Naissance de SAR Lalla Khadija

Le relogement des bidonvillois avance lentement mais sûrement

● Des habitants de «Carrières centrales» critiquent le système de relogement.
● À Sidi Moumen, le programme avance selon la planification du ministère.

10 Avril 2013 À 13:24

L’affaire des «Carrières centrales» du Hay Mohammadi fait toujours beaucoup de bruits. Certains habitants de ce bidonville manifestent leur mécontentement vis-à-vis du programme de relogement qui leur a été réservé. Ils ont organisé récemment plusieurs manifestations pour revendiquer «leurs droits de profiter d’un logement, à l’instar de leurs voisins du même bidonville». Près de 300 personnes se sont regroupées au boulevard Ali Yata à Hay Mohammadi, pour demander une révision du système de recasement. D’après certains résidants de «Carrières centrales», plusieurs familles n’ont pas pu profiter des lots de terrain, car elles n’ont pas été recensées. Il s’agit particulièrement des femmes divorcées et des couples mariés, après le lancement de ce programme.

De leur part, les autorités locales, conformément aux ordres du ministère de l’Habitat, n’attribuent de logements qu’aux familles recensées. En effet, l’hypothèse d’ajouter une autre liste de bénéficiaires n’est pas évoquée. Ce bras de fer entre les bidonvillois et les autorités entrave le bon déroulement des démolitions de «Carrières centrales» dont une grande partie est déjà rasée.

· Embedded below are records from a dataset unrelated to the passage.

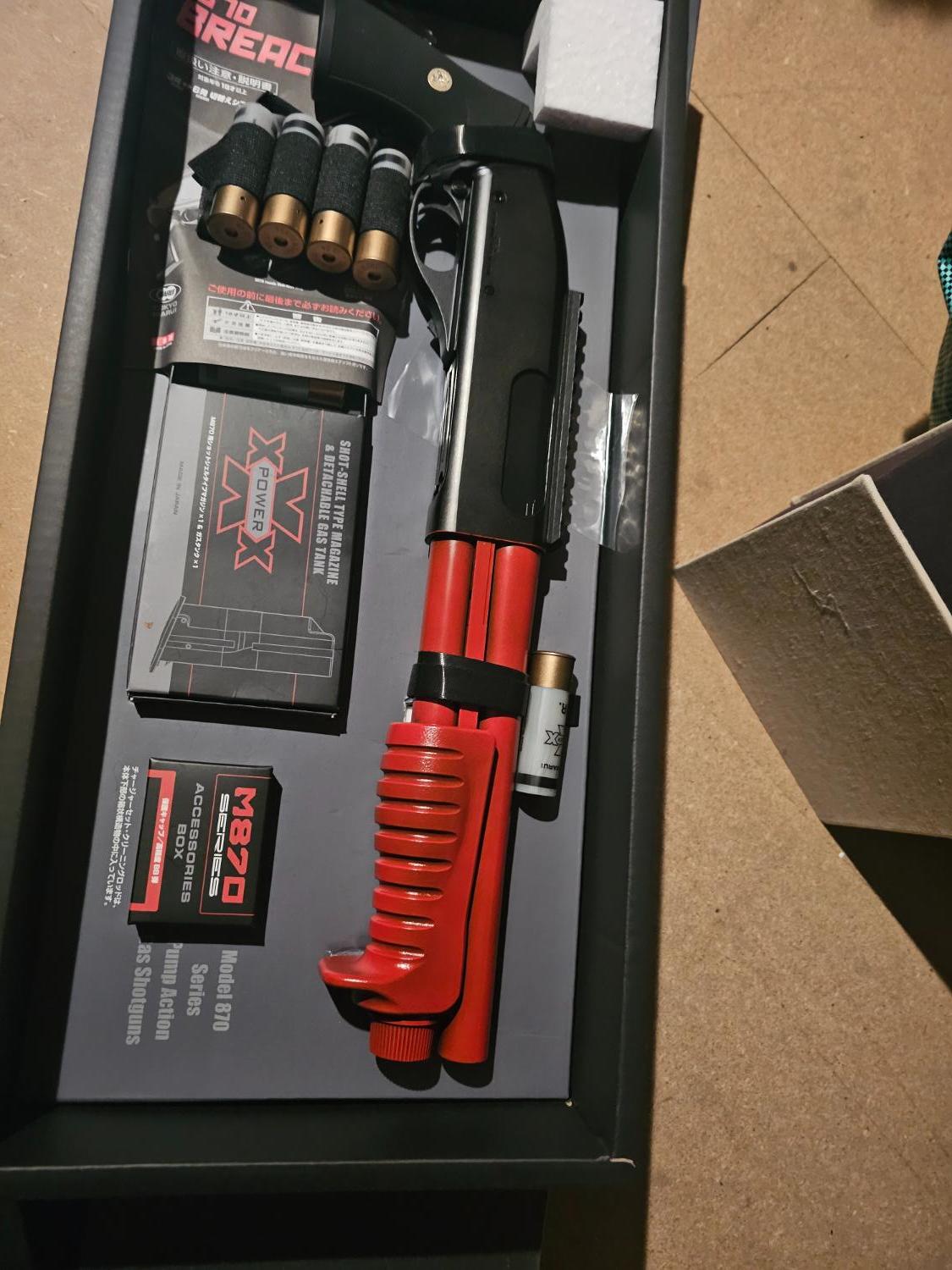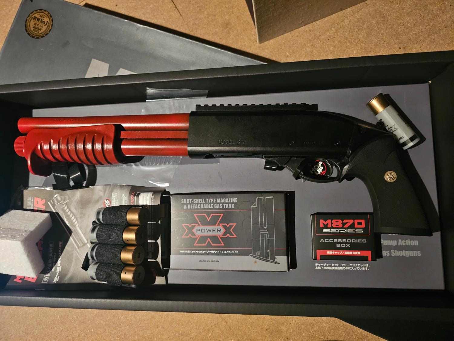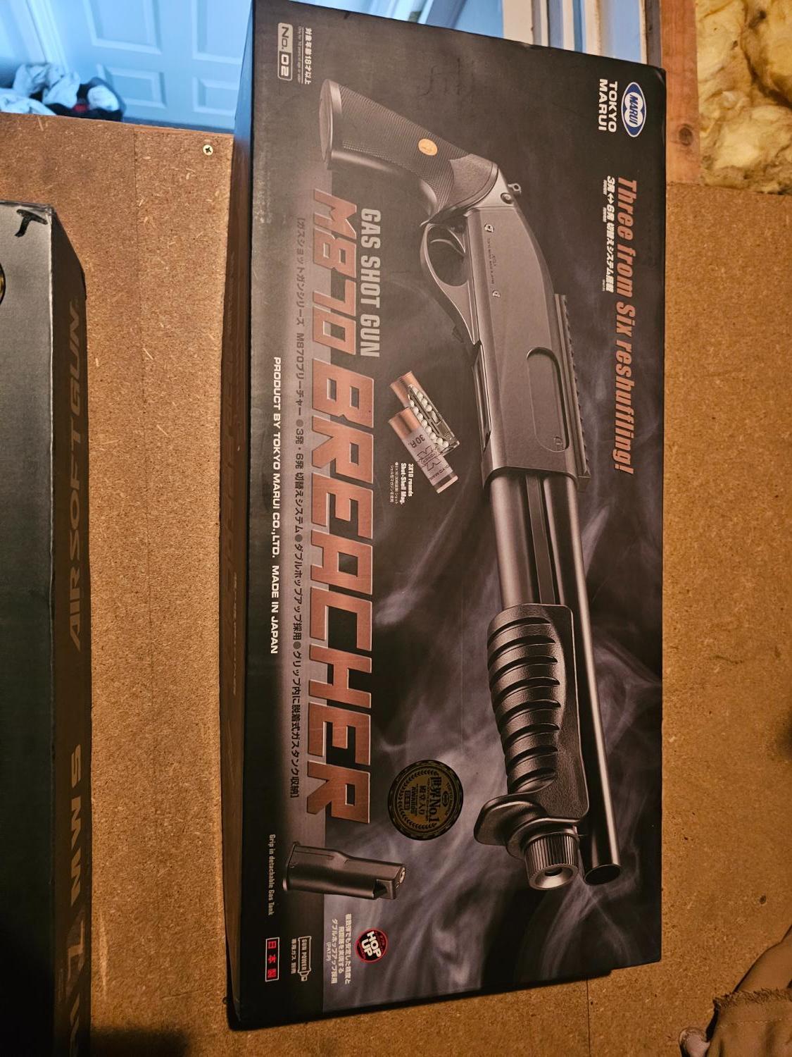 Tokyo Marui M870 Breacher Gas Shotgun with spare barrels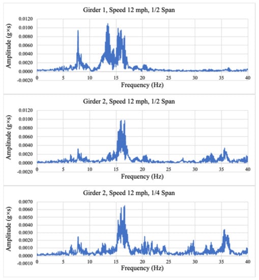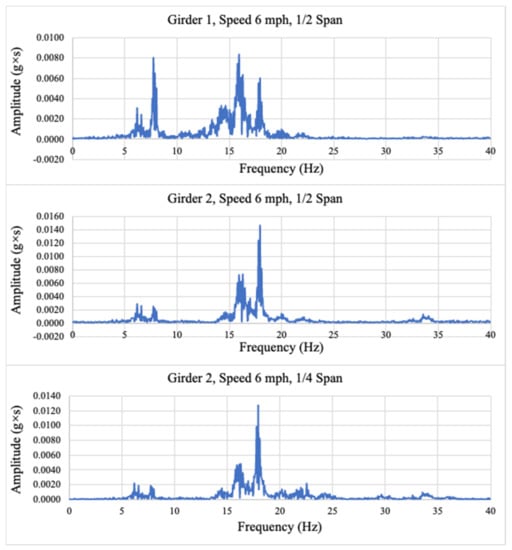 For better observation of the detailed signal components (peak accelerations and corresponding frequencies), the acceleration signals at two different speeds in the frequency domain were further obtained by Fourier transform, as shown in Figure 8 and Figure 9. As can be seen, three significant acceleration peaks were observed on ½ span of girder 1, which were 7.8 Hz, 13.6 Hz, and 16 Hz at 12 mph and 7.8 Hz, 16 Hz, and 18 Hz at 6 mph. For the acceleration peaks observed on girder 2, an acceleration peak at 16 Hz was consistently observed under all scenarios, while another acceleration peak was close to 16.5 Hz at 12 mph and 18 Hz at 6 mph. As the loading speed was increased from 6 mph to 12 mph, the frequency of one vibration mode was sensitively changed from 18 Hz to 16.5 Hz for girder 2 and from 18 Hz to 13.6 Hz for girder 1. The acceleration peaks at different frequencies show that a resonant frequency at 16 Hz can be a general one for the entire BEAST structure since it was consistently captured under any vibration scenarios.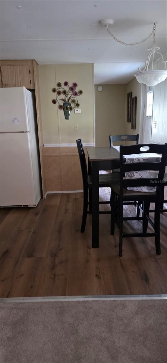 Home located in the historic district of The Villages. Close to hospital, drs offices, shopping, Spanish Springs town square. Golf course with restaurant nearby. Recreation center and pool around the corner. Golf cart on over to Walmart or BJ's club. 2 bedroom 1 and a half bath home with a large Florida room under air and a rear screened lanai. New waterproof vinyl flooring in the bathrooms, hall and kitchen. New A/C. There is a covered area for your golf cart or bicycles.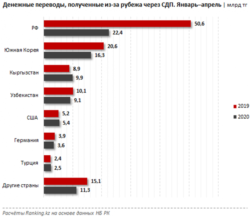 за апрель 2020 года из-за рубежа через СДП было переведено 12,6 млрд тенге — почти

Il faut dire que, depuis le lancement du programme «ville sans bidonvilles», Casablanca a toujours constitué un cas problématique. Plus particulièrement le quartier de Sidi Moumen, qui comptait plus de 13 500 baraques réparties sur trois grands bidonvilles : Sekouila (6 077 baraques), Rhamna (4 996) et enfin Thomas (1 983). Parmi ces trois bidonvilles, Douar Sekouila qui relève de la préfecture de Sidi Bernoussi a été complètement éradiqué. 6 077 baraques de cet ancien «Douar» ont été totalement démolies.

Des tirages au sort se font chaque semaine dans les agences d’Al Omrane, en présence des représentants du ministère de l’Habitat, de la préfecture et de l’arrondissement concernés pour distribuer les lots de terrains aux 7 332 familles qui habitaient dans ce «douar». En outre, 75% des baraques du bidonville «Thomas» ont été rasées. En ce qui concerne le Douar de «Rhamna», il semblerait qu’il reste encore du chemin à faire.

Nouvelle ville de Zenata

Imposés par les grandes mutations que connaît le tissu socio-économique de la région du Grand Casablanca et les grandes orientations nationales en termes d’urbanisme et de développement urbanistique, ces projets traduisent la volonté des pouvoirs publics d’éradiquer les différentes formes de marginalisation et d’exclusion sociales. Dans ce contexte, la construction de logements sociaux dans la région atteint en moyenne 30 000 unités par an, afin de pouvoir faire face à une croissance démographique évaluée à 1,5 million d’habitants supplémentaires entre 2010 et 2020. Dans ce cadre, la nouvelle ville de Zenata d’une superficie de 1 830 hectares, dans la commune urbaine d’Ain Harrouda, située entre Casablanca et Mohammedia, contribue à alléger la pression sur les deux villes en matière démographique et foncière. Ce projet porté par la société d’aménagement «Zenata» permet d’accueillir plus de 300 000 habitants, de créer près de 60 000 emplois et de réduire le déficit en logements, particulièrement ceux destinés aux classes moyennes.